This feature was published in conjunction with the screening of The Eagle at A Day of Silents 2023.
A bodice-breaching lover from a torrid romance novel come to life, Valentino tangoed his way to matinee idol status in that Buenos Aires dive in 1921’s The Four Horsemen of the Apocalypse. When influential critic Robert Sherwood selected his 1922 bullfighter film Blood and Sand as one of sixteen favorites of that year, he captured the enormous impact Valentino had had in such a short time, as well as hinted at the actor’s reluctance about the whole thing: “This swarthy Italian dancer has been the most extensively worshipped of all the matinee idols in the history of the theatre; his photograph has been pasted on at least one mirror in almost every home throughout this country; he has been the embarrassed recipient of a flood of fan letters that reached an average of some 4,500 a week … a symbol of masculine attraction to everyone—from sixteen to sixty.”

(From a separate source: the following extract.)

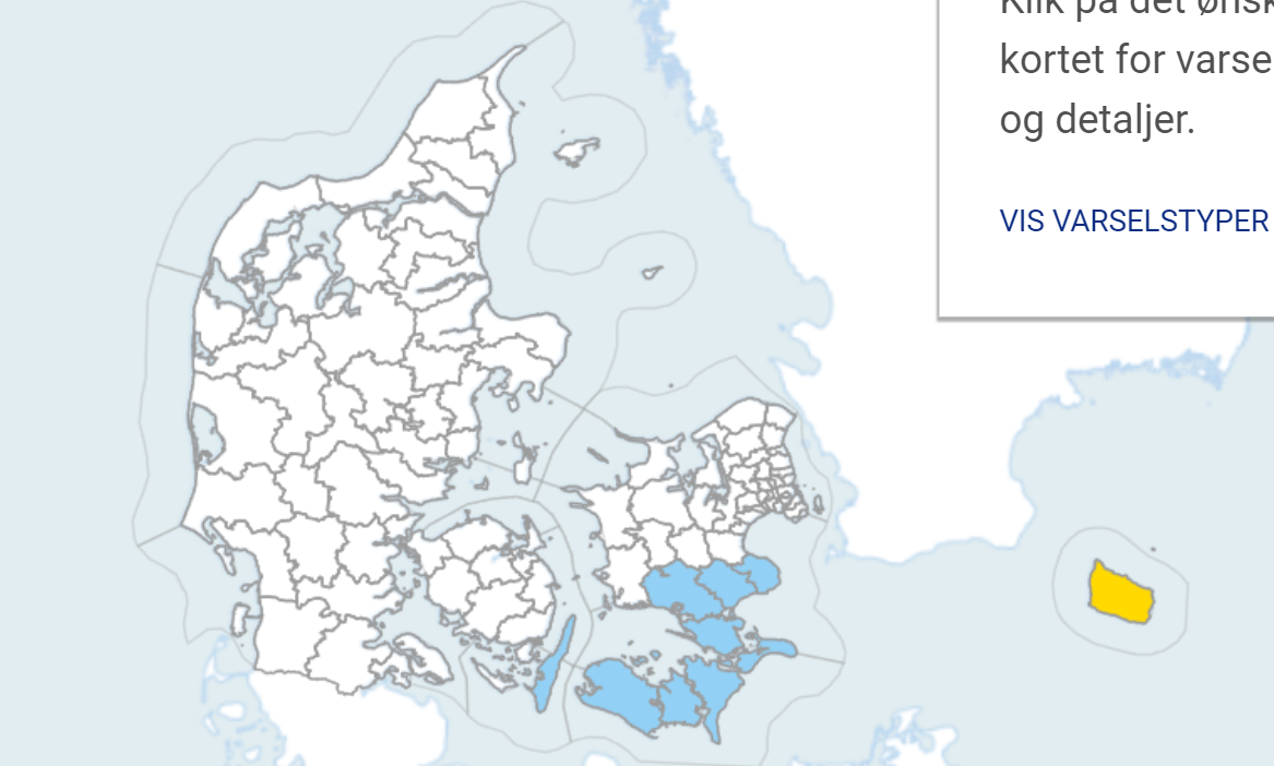 Varslet gælder i øjeblikket fra klokken 08 onsdag morgen til klokken 20 onsdag aften. Det er dog værd at bemærke, at der er en lille risiko for, at den kraftigste nedbør kan passere Bornholm enten vestligt eller østligt.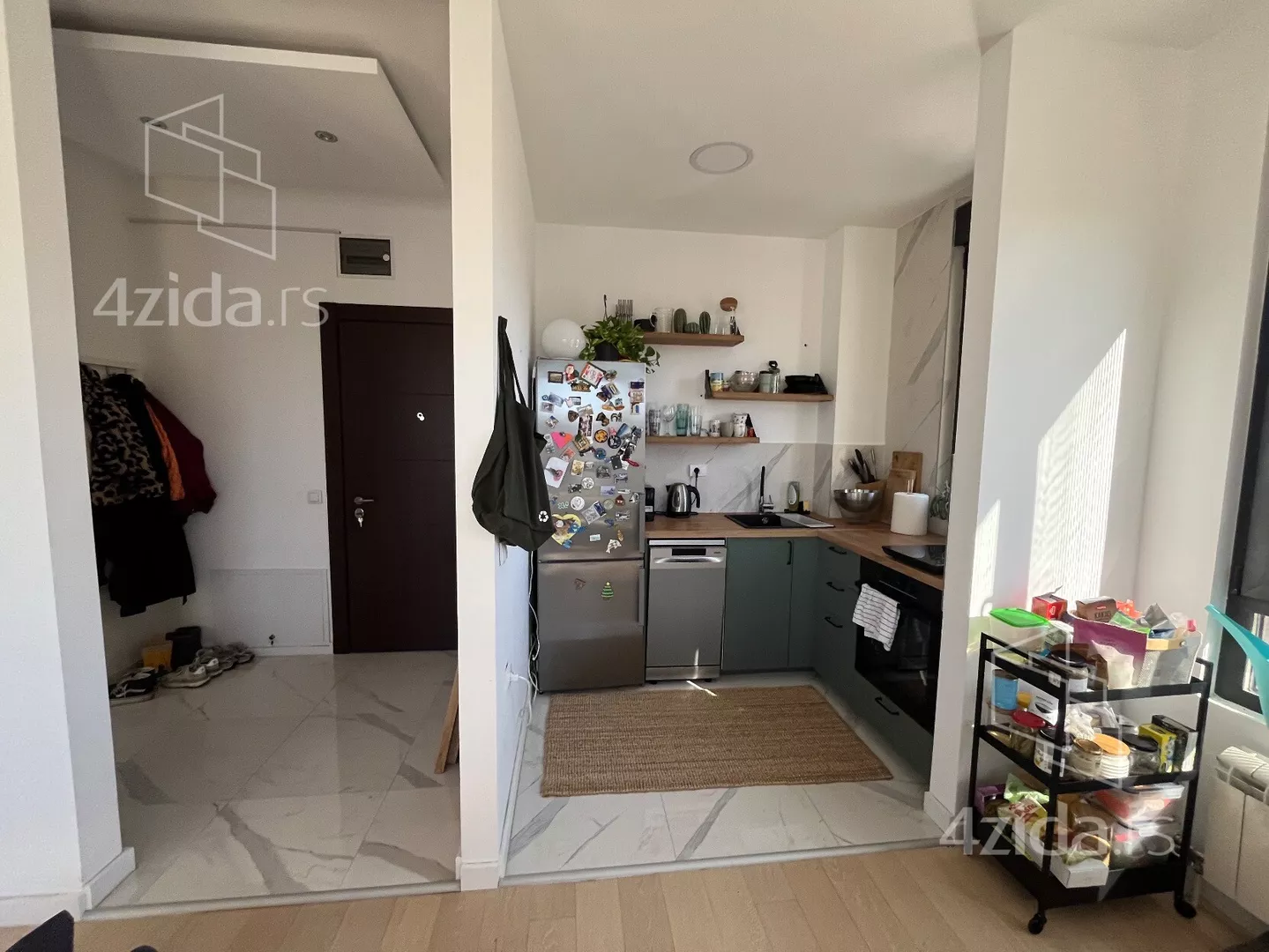 - Opremljenost: Namešteno - internet, TV, klima, veš mašina, kuhinjski elementi, sudo mašina, frižider, zamrzivač, šporet, rerna, ležaj, plakar

Fellow idols of similar rank like Sessue Hayakawa, Wallace Reid, and Jack Gilbert bristled, too, against their typecasting—hardly an uncommon affliction in Hollywood—and all three attempted with limited success to escape its narrow confines. Hayakawa, whose resistance, like Valentino’s, included the second front of bigotry, broke with the studios entirely and made films independently (until he had to leave altogether). What Reid and Gilbert really wanted to do was direct. They might have settled for playing more complex characters, even in smaller films, yet both ended up basically sacrificed to fame.
Valentino tried, pulling a Garbo (before Garbo) and went on strike over career control (and money). Among his subsequent roles, his portrayal of the action hero/one-woman man in The Eagle still stands out as an exception; he once called it the first of his films that “has really been of my own choosing.” After Valentino unexpectedly died less than a year later, some lamented an industry that had wasted his talent. “The madness to cast Valentino in romantic pictures pursued,” Jim Tully wrote in Vanity Fair. “But through all this maze of bad taste Valentino groped. None of it helped him as he wished to be helped.” While acknowledging he was a beneficiary as well as a victim, Valentino often shared his own laments, leaving us with glimmers of what might have been.
A BORGIA
Tully’s obituary was particularly mournful for the career and for the artist. The vagabond-turned-chronicler-of-movieland sprinkled his obituary with snippets of his past conversations with the actor, including this revealing exchange: “I once asked Valentino which character he would like best to play on the screen. ‘Cesare Borgia,’ he answered. Surprised, I watched him closely as he continued. ‘It would not be popular, but I want to play it for my very own. Borgia was not the man they say he was. His story was written by his enemies.’ Forgetful of an interviewer who might deal with him unkindly, he quoted Machiavelli, Villari, Gregorovius and Sabatini to prove his points. Thinking of American women I ventured: ‘But Cesare had a mustache.’ ‘I’d play him with one.’”
A FARMER
Business manager S. George Ullman’s memoir released two months after the actor’s death quotes Valentino as wanting to play not only Borgia but Christopher Columbus and “before I finish, I want most of all to play a Gypsy and an Apache.” Opportunistic calculations aside, Ullman expressed a great deal of warmth for the actor in his book and recalled a conversation they’d had about Valentino’s path to stardom while he happened to be in costume for The Son of the Sheik: “I wonder what would have become of me if I had stayed in Castellaneta, bought a piece of land and become a scientific farmer? Can you picture the scene?”A
A COWBOY
Helen Louise Walker interviewed Valentino ten days before he succumbed to peritonitis but only prepared the conversation for publication much later, for a 1933 issue of Motion Picture magazine on the seventh anniversary of his death. “I have thought of doing a Western—a cowboy role—against the colorful romantic background of the Southwest.” Sensing Walker’s skepticism, Valentino continued: “I don’t mean the regulation sort of thing, of course. I mean a real story—with the feeling of the sweep and color of that early history. There were Latin types who figured in that pageant—Spaniards, even Italians! They weren’t all ‘Virginians,’ you know … I shall be surprised if we succeed.”
NO SHEIKS
“I’m Tired of Being a Sheik,” Valentino’s interview for Collier’s, took place in late 1925 and was published in January 1926 before The Son of a Sheik was agreed upon as his follow-up to The Eagle. “Heaven knows I’m no sheik! Look at this ‘sleek black hair.’ Getting a bit thin about the temples, isn’t it? … I had to pose as a sheik for five years! … A lot of the perfumed ballyhooing was my own fault. I wanted to make a lot of money and so I let them play me up as a lounge lizard, a soft, handsome devil whose only aim in life was to sit around and be admired by women. And all that time I was a farmer at heart and still am … I was happier when I slept on a bench in Central Park than during all the years of that ‘perfect lover’ stuff … No more posing Apollo stuff for me. If any producer comes to me with a sheik part I am going to murder him! I am going to show I am a real actor if I have to play Hamlet in a waiter’s tuxedo.”